James Kirkland

Personal information
- Nickname: Mandingo Warrior
- Born: James Derick Kirkland Austin, Texas, U.S.
- Height: 5 ft 9 in (175 cm)
- Weight: Welterweight; Light middleweight; Middleweight;

Boxing career
- Reach: 70 in (178 cm)
- Stance: Southpaw

Boxing record
- Total fights: 37
- Wins: 34
- Win by KO: 30
- Losses: 3

= James Kirkland (boxer) =

American boxer

James Derick Kirkland is an American professional boxer who held the regional WBO–NABO junior middleweight title in 2008. He was one of boxing's most prominent junior middleweight prospects in the late 2000s and early 2010s, until an 18-month prison stint set his career back significantly. Nicknamed the "Mandingo Warrior", Kirkland is known for being a highly aggressive southpaw pressure fighter with formidable punching power, having scored 88% of his victories via knockout.

==Amateur career==
Kirkland has an amateur record of 134–12 and won the Silver Gloves championship four years in a row and lost on a controversial decision to James Patterson in the finals of the National Golden Gloves.

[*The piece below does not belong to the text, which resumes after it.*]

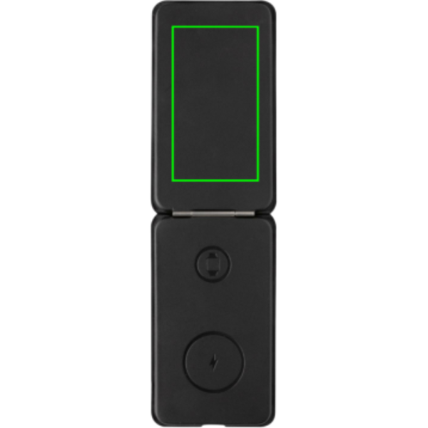 Luksuslik ja kokkupandav kolm-ühes juhtmevaba laadija, mis on valmistatud RCS-sertifikaadiga taaskasutatud PU-st. Taaskasutatud kogusisaldus: 5% eseme kogukaalust. RCS-sertifikaat tagab taaskasutatud materjalide täielikult sertifitseeritud tarneahela. Juhtmeta laadija on varustatud magnetilise 15 W juhtmevaba laadijaga ees. Tagaküljel on täiendav 5 W juhtmevaba laadija, mis sobib kõrvaklappide või muude väikeste juhtmevabade laetavate seadmete jaoks, ja 2,5 W juhtmevaba laadija nutikellade jaoks (ainult Apple'i kellad) Kaasa arvatud RCS-sertifikaadiga 120 cm taaskasutatud TPE-kaabel. Pakitud FSC® mix kraft pakendisse. Toode ja tarvikud 100% PVC-vaba. Sisend: 9V/3A optimaalseks kasutamiseks. Väljund: Ees: 9V/1.1A; 9V/1,67 A/(15W), kõrvaklapid: 5V/1A (5W), käekell: 5V/0,5A.
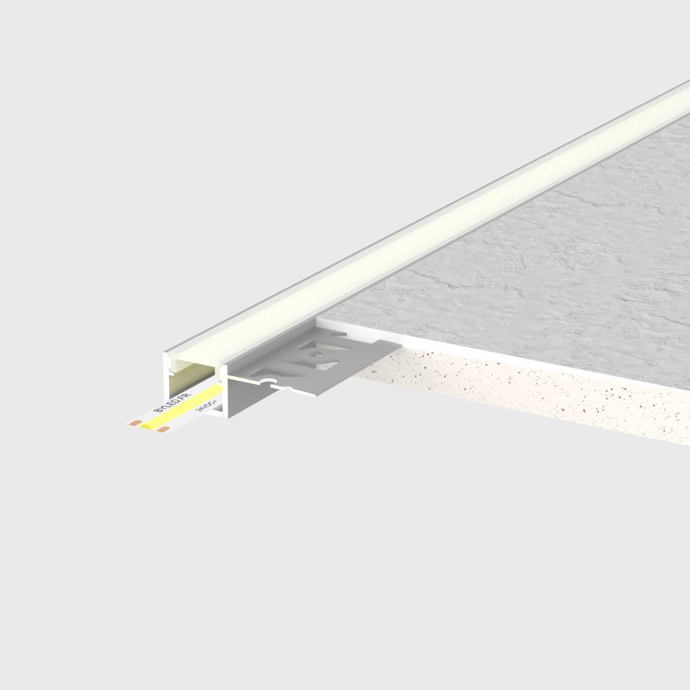 Ce profilé esthétique et moderne, inclut un diffuseur givré permettant une répartition homogène de la lumière sur la longueur du profilé.

Instead of going to the Olympics, Kirkland turned professional to provide for his family.

==Professional career==
Kirkland turned professional in August 2001 in San Antonio, Texas. In his debut Kirkland defeated fellow debutant Maurice Chalmers with a third-round knockout. Kirkland has been trained by former women's champion Ann Wolfe since 2001. On November 22, 2008, Kirkland (24–0, 21 KOs) won an 8th round technical knockout versus Brian Vera (16–2, 10 KOs). Kirkland dropped Vera twice in Round 2. On March 7, 2009, Kirkland defeated Joel Julio on HBO's Boxing After Dark at the HP Pavilion in San Jose by TKO after Round 6.

=== Return to boxing ===
On March 5, 2011, Kirkland returned to the ring after an almost 2-year layoff to defeat Ahsandi Gibbs via first-round KO. Two weeks later he stopped Jhon Berrio by 2nd round TKO. Just 3 weeks after that, on April 9, 2011, Kirkland faced Nobuhiro Ishida of Japan, in what was supposed to be a stay-busy fight for Kirkland. However, in a stunning upset, the previously undefeated Kirkland was stopped in the first round by the Japanese fighter, who isn't known for being a big puncher having only 7 KO's in 29 fights, getting knocked down 3 times. After the loss, Kirkland split with trainer Kenny Adams and reunited with Ann Wolfe. Kirkland and Wolfe had broken up after Kirkland went to prison.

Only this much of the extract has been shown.